Gaining a better understanding of the health risks to waste management workers

The waste management and recycling industry is central to circular economy policies and is growing all the time. The occupational health of professionals in this industry is a real challenge and was examined by ANSES in an initial expert appraisal, whose results are published today. The Agency provided an overview of the industry, and conducted an analysis to group together different waste management sectors according to their impact on worker health. Although it noted a lack of data on the health risks to waste management workers, the expert appraisal highlighted exposure to multiple risk factors, mainly associated with chemicals, bacteria and mould in waste, noise and mechanical vibrations, and organisational constraints. Risks to mental health associated with the working conditions, organisation and attitudes to occupations in this sector also need to be considered. ANSES is therefore making recommendations with a view to acquiring knowledge on the health risks to workers, raising awareness of risk prevention and improving medical monitoring of waste workers. It is also recommending that the health impacts on these professionals be integrated into eco-design activities. As a first example for the industry, the Agency proposes conducting a risk assessment on the household packaging sector, with its multiple health and socio-economic challenges.

Workers exposed to multiple risks

The waste management industry is booming and constantly evolving. It encompasses the collection, recycling and disposal of waste. Waste recycling, an integral part of the concept of the circular economy, consists in transforming waste into a raw material or energy source. It is a vast and complex industry with boundaries that are difficult to define.

The broad variety of waste and the processes used for its collection, recycling or disposal lead to occupational exposure to a wide range of hazards: toxic chemicals, mould, bacteria, high temperatures, intense noise, mechanical vibrations, sources of fire or explosion, close proximity to mechanical or electrical equipment, the presence of sharp objects, vehicle traffic, etc. Workers may also be exposed to arduous working conditions involving the carrying of heavy loads, repetitive gestures, and night or shift work. Lastly, mental health risks, which are too often neglected, can also be linked, for example, to working alone, violence or incivility, and a lack of recognition.

In France, the waste collection, treatment and disposal industry is one of the occupational sectors reporting the most frequent and most serious accidents at work. In 2016, there was an average of 59 occupational accidents per 1,000 employees for this industry's activities, compared with 33.8 per 1,000 employees for all industries as a whole.

Gaining a better understanding and taking better account of the health risks of workers in this industry

In general, ANSES highlights the lack of precise data on the health risks faced by workers in the waste industry.

It therefore recommends improving knowledge on health risks to workers through specific studies and the creation of a collective-data gathering tool. The Agency also recommends strengthening prevention and raising awareness among stakeholders, and improving medical monitoring to protect the workers involved in waste management. In addition, it recommends that the health challenges of these professionals be taken into account in eco-design approaches.

Categorisation of waste management sectors

ANSES examined 28 waste management sectors that provide an overview of the industry.
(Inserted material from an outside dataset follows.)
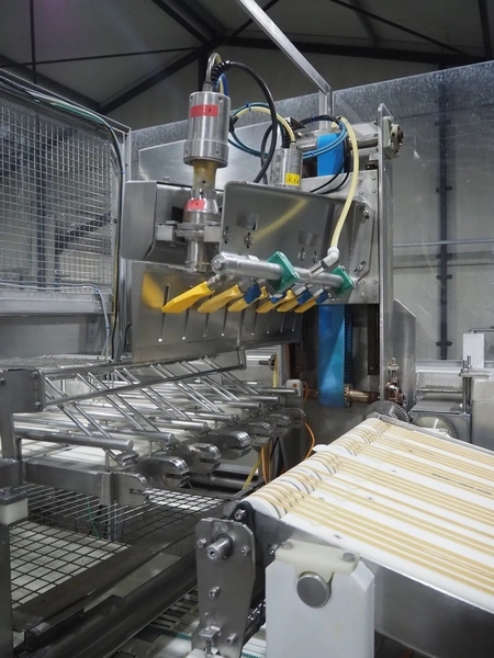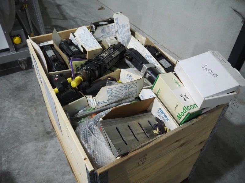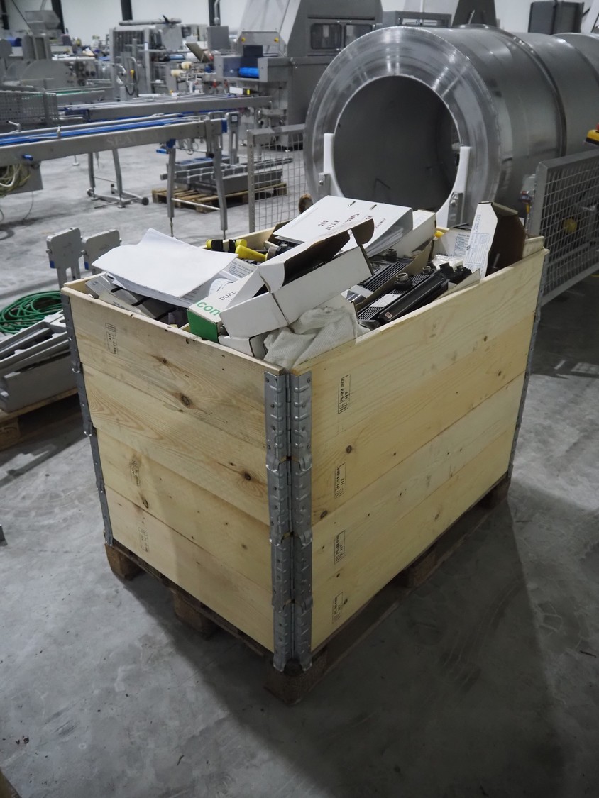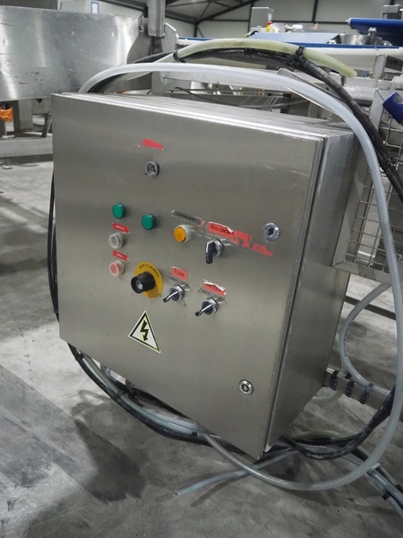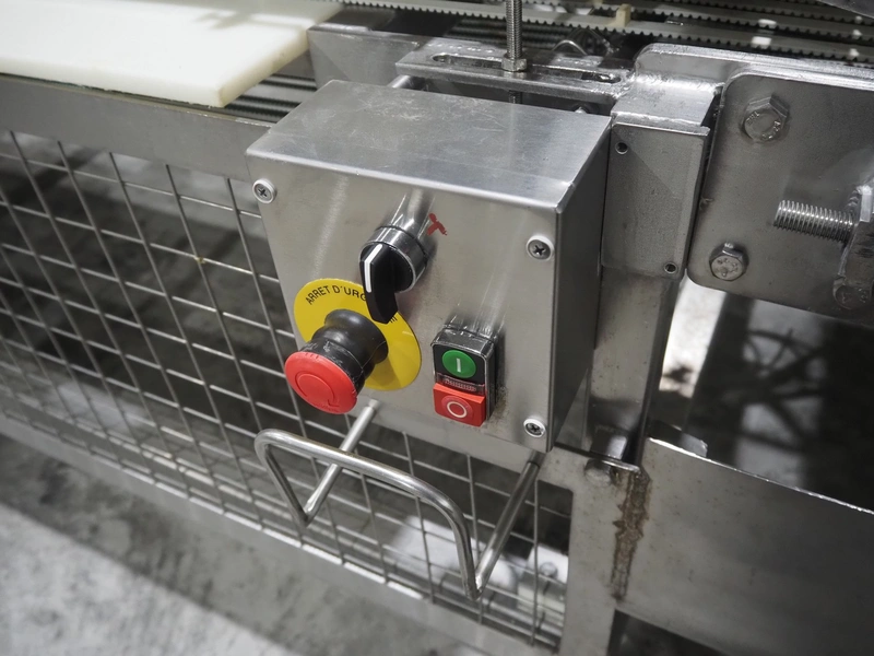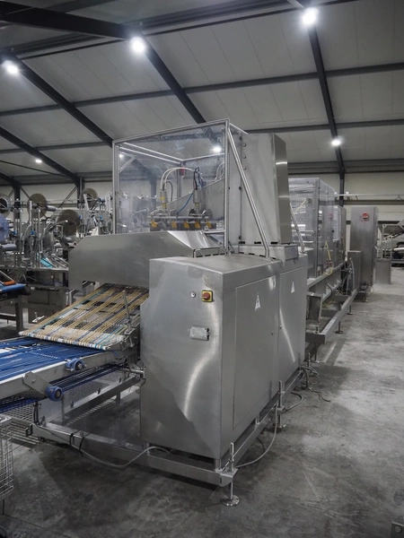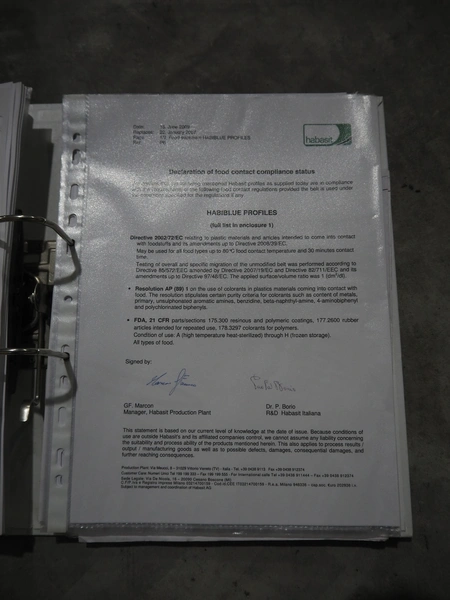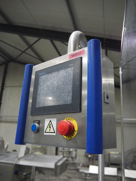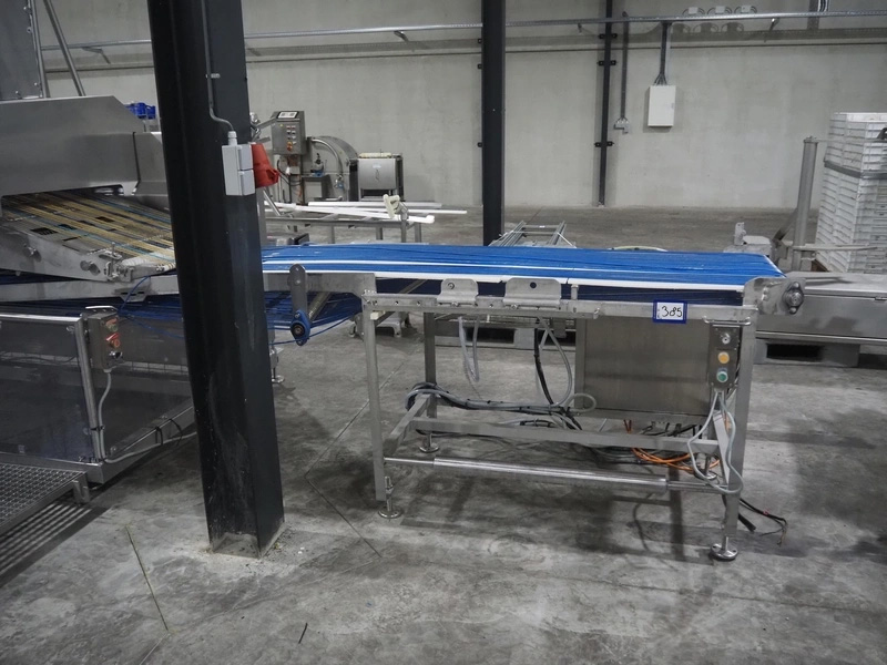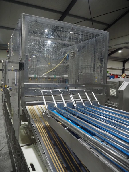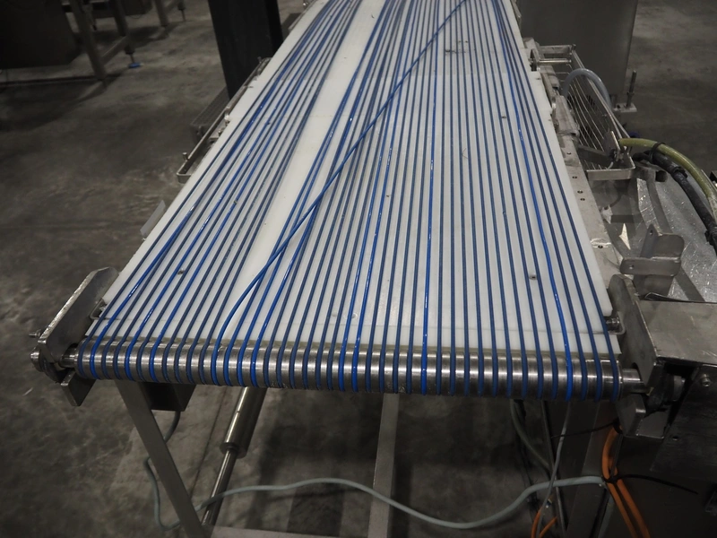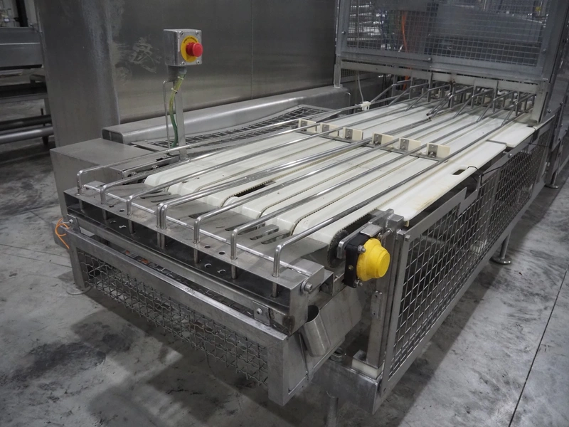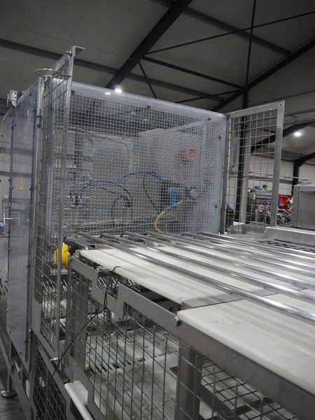 Ermatec ultrasonic slicing line used for cheese, type: 1717-19-12-08, serial number: Trancheur From, year of construction: 17/12/08, working width: 600 mm, 6 lanes, plastic belts, belt width: 75 mm, total dimensions: 13200 mm x 1900 mm x 2600 mm. Including pallet with various parts, dimensions: 1200 mm x 980 mm x 1120 mm. Including pallet box with various parts, dimensions pallet: 1200 mm x 800 mm x 1000 mm.

In order to identify and distinguish the sectors in terms of their impact on the health of professionals working in them, several criteria were studied: potential risks associated with the toxicity of chemicals, risks associated with the presence of bacteria or mould in waste; the level of documentation of these health risks; the quantities of waste produced, collected and treated within each sector; the number of workers involved in each sector's activities; and consideration of the economic and technical developments in the sectors over the coming years.

On the basis of these criteria, categorisation work was then carried out to group together sectors with common characteristics.

Six sector categories were defined:

    Meaning of potential risks:

    High: Workers are exposed to hazardous chemical and/or biological agents within the sector.

    Limited: Hazardous chemical and/or biological agents have been identified within the sector, but there is evidence to suggest that worker exposure is controlled.

    Low: There is no suspicion of worker exposure to hazardous chemical and/or biological agents in the sector.

    Not determined: Workers may be exposed to hazardous chemical and/or biological agents within the sector (exposure not documented or hazards not identified in the literature consulted).

    For each of these sectors, ANSES has formulated specific recommendations:

    • for sectors for which the risks have been documented, ANSES recommends assessing and, if necessary, strengthening preventive measures ;
    • for sectors for which the risks could not be estimated, ANSES recommends carrying out research in order to gain a better understanding of the hazards and exposures to which workers are subjected. In particular, it proposes including topics related to the "end-of-life vehicles" and "biowaste recycled by anaerobic digestion" sectors in the research projects of the National Research Programme for Environmental and Occupational Health (PNR-EST) that it funds ;
    • lastly, for sectors where potential risks have been defined, ANSES recommends carrying out health risk assessments for workers. In this context, the experts identified three sectors requiring special investigation: construction, wood and household packaging. As a first example, the Agency decided to conduct a risk assessment on the "Household packaging" sector. Indeed, in view of the current context, with a broadening of the sorting instructions and a reduction in waste being exported abroad, this sector is now obliged to absorb a significant volume of waste. One of the challenges of this future expert appraisal will be to refine methods for assessing the risks associated with the presence of bacteria, mould or other micro-organisms in work environments.